Task goal » Write the records below out again exactly as given, with no images.

+++++

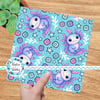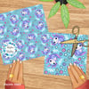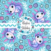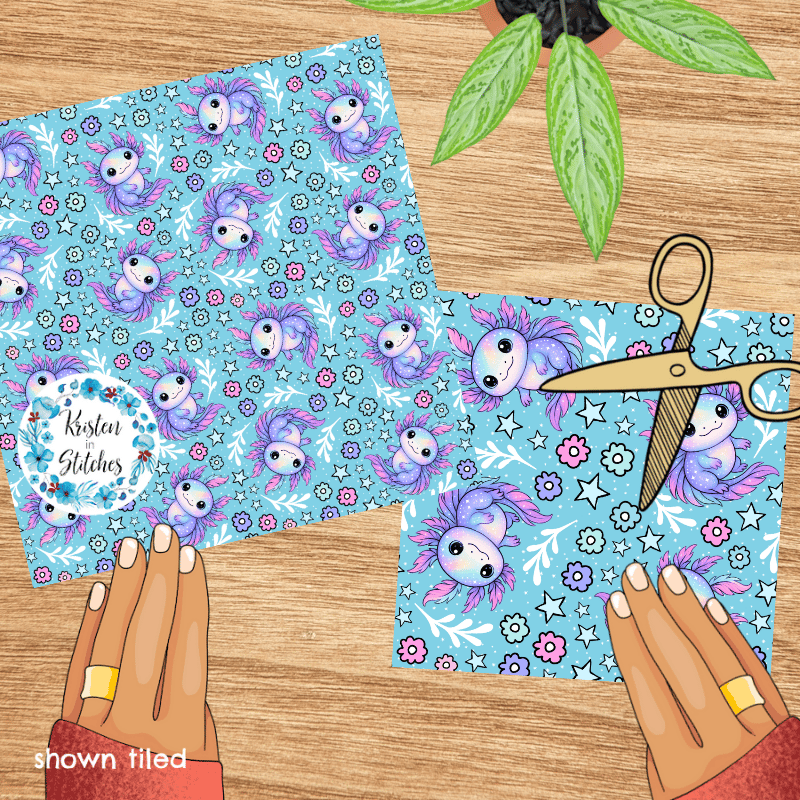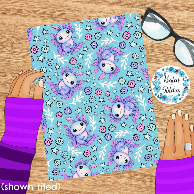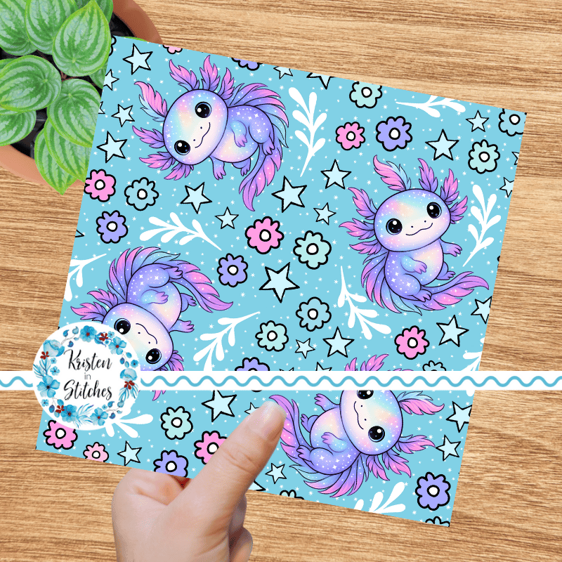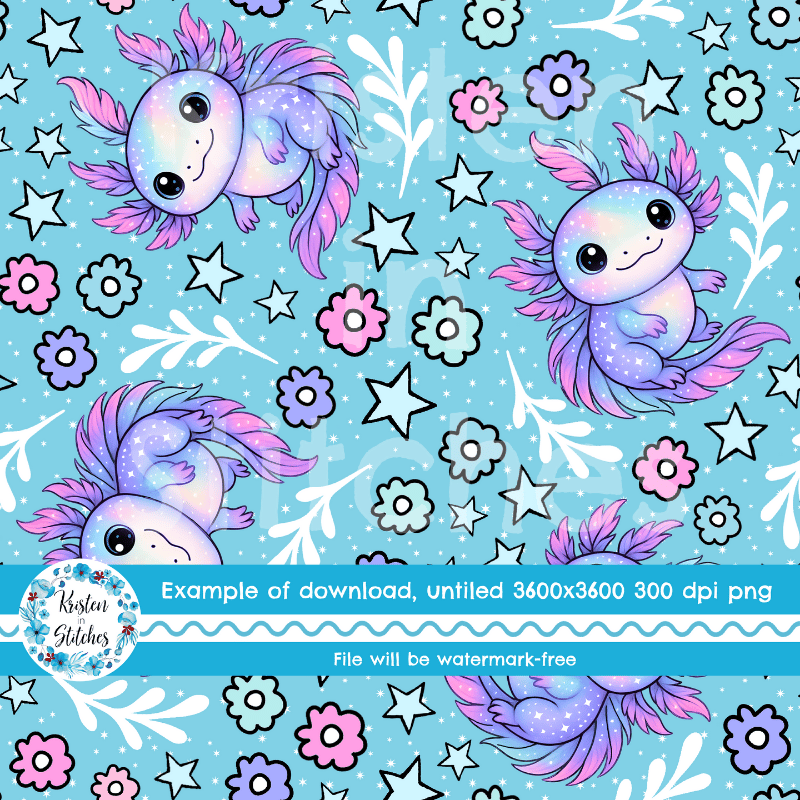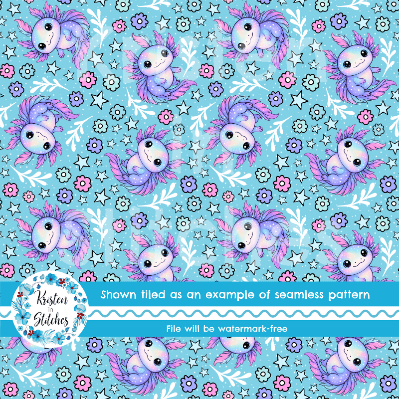 Pastel baby axolotls with flowers and sparkle stars on blue.
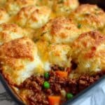 Dollop spoonfuls of the biscuit dough evenly over the casserole filling. Cut 1 tablespoon of chilled butter into tiny pieces and scatter them atop the biscuits to encourage flakiness and browning. Place the casserole in the oven and bake for about 25 minutes, until the biscuits have risen and turned a beautiful golden brown. This final step creates an irresistible contrast between the savory filling and tender cheesy topping.
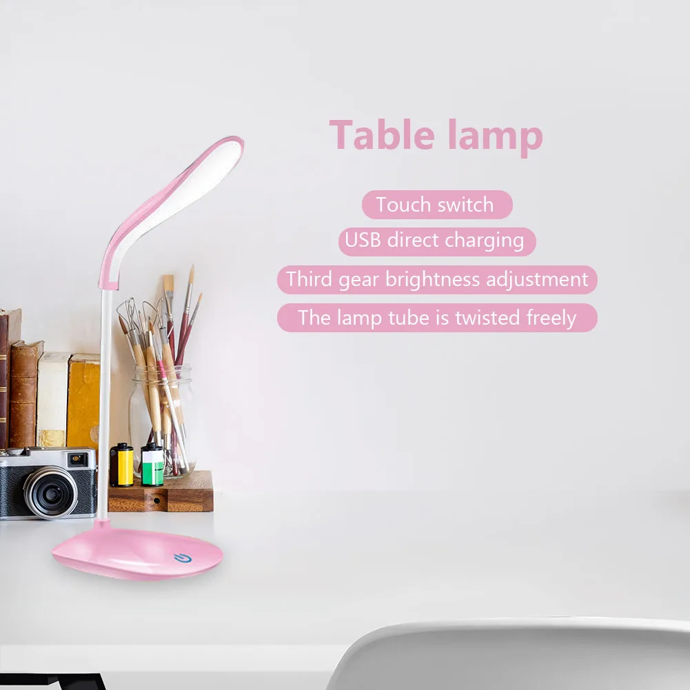 Светодиодная настольная лампа USB для защиты глаз настольные лампы Сенсорные Регулируемые Детские спальные прикроватные складные спальные ночники для чтенияХарактеристика:Сенсорный выключательПрямая зарядка через USBТри режима регулировки яркостиСвободное скручивание лампы.Спецификация:Материал: ПП + светодиодный светильник + шланг из ПВХКоличество лампочек: 14 SMD светодиодовМощность: 3 ВтНоминальное напряжение: 5 ВАккумулятор: аккумулятор 300 мАВес нетто: 0,14 кгРазмер: 175*220*120*100 мм/6,9*8,6*4,7*3,9 дюймовЦвет: розовый, белый, синийПримечание:В связи с различиями мониторов и эффектами освещения реальный цвет товара может немного отличаться от цвета на фотографиях. Спасибо!Возможны отклонения в 1-2 см вследствие измерений вручную.
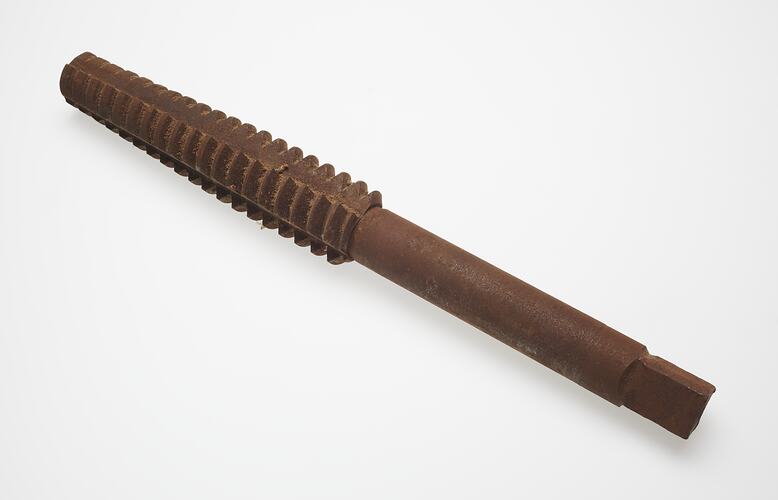 Tap made circa 1960s-1980s. It was used for cutting internal metal threads. It was found in Area E3 at Adolph Bruhn & Son's Wood Turners Shop, 283 Coventry Street, South Melbourne. The business was established by Adolph Bruhn circa 1893 in Little Collins Street, Melbourne. Upon his death in 1919 it was then operated by Adolph's son Sophus Christopher Bruhn. Upon Sophus's death in 1959 his son Sophus Walter Bruhn took over the business. In 1970 Sophus reduced the scale of the business and relocated to South Melbourne. The business closed upon Sophus's death in January 1990.
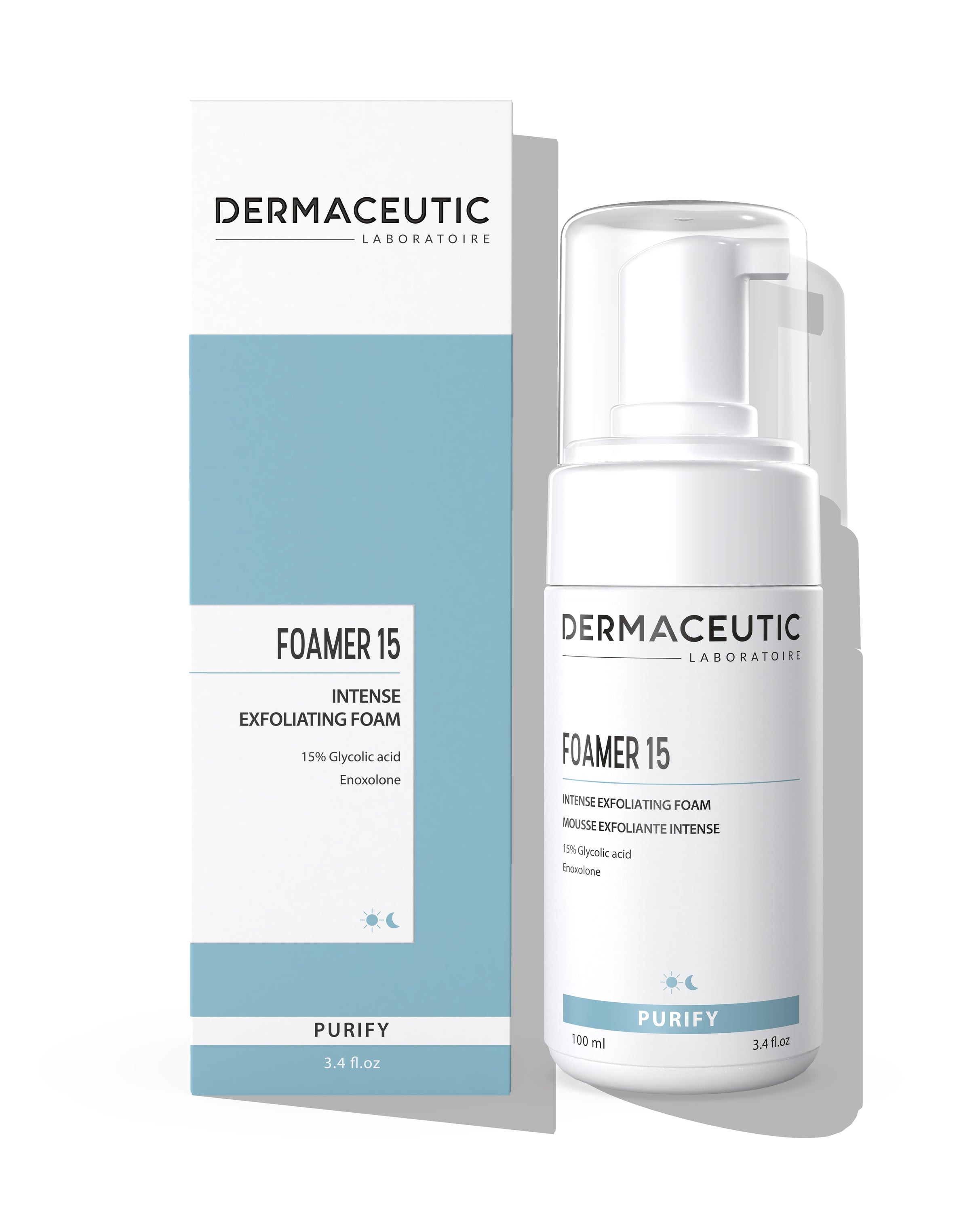 As an exfoliating foam, Foamer 15 purifies the skin without harmful physical exfoliants which can damage an sensitize the skin barrier. The Glycolic acid exfoliates the skin while Enoxolone soothes the skin, removing dead skin cells and leaving the skin glowing.

+++++

Output »
 Pastel baby axolotls with flowers and sparkle stars on blue.
 Dollop spoonfuls of the biscuit dough evenly over the casserole filling. Cut 1 tablespoon of chilled butter into tiny pieces and scatter them atop the biscuits to encourage flakiness and browning. Place the casserole in the oven and bake for about 25 minutes, until the biscuits have risen and turned a beautiful golden brown. This final step creates an irresistible contrast between the savory filling and tender cheesy topping.
 Светодиодная настольная лампа USB для защиты глаз настольные лампы Сенсорные Регулируемые Детские спальные прикроватные складные спальные ночники для чтенияХарактеристика:Сенсорный выключательПрямая зарядка через USBТри режима регулировки яркостиСвободное скручивание лампы.Спецификация:Материал: ПП + светодиодный светильник + шланг из ПВХКоличество лампочек: 14 SMD светодиодовМощность: 3 ВтНоминальное напряжение: 5 ВАккумулятор: аккумулятор 300 мАВес нетто: 0,14 кгРазмер: 175*220*120*100 мм/6,9*8,6*4,7*3,9 дюймовЦвет: розовый, белый, синийПримечание:В связи с различиями мониторов и эффектами освещения реальный цвет товара может немного отличаться от цвета на фотографиях. Спасибо!Возможны отклонения в 1-2 см вследствие измерений вручную.
 Tap made circa 1960s-1980s. It was used for cutting internal metal threads. It was found in Area E3 at Adolph Bruhn & Son's Wood Turners Shop, 283 Coventry Street, South Melbourne. The business was established by Adolph Bruhn circa 1893 in Little Collins Street, Melbourne. Upon his death in 1919 it was then operated by Adolph's son Sophus Christopher Bruhn. Upon Sophus's death in 1959 his son Sophus Walter Bruhn took over the business. In 1970 Sophus reduced the scale of the business and relocated to South Melbourne. The business closed upon Sophus's death in January 1990.
 As an exfoliating foam, Foamer 15 purifies the skin without harmful physical exfoliants which can damage an sensitize the skin barrier. The Glycolic acid exfoliates the skin while Enoxolone soothes the skin, removing dead skin cells and leaving the skin glowing.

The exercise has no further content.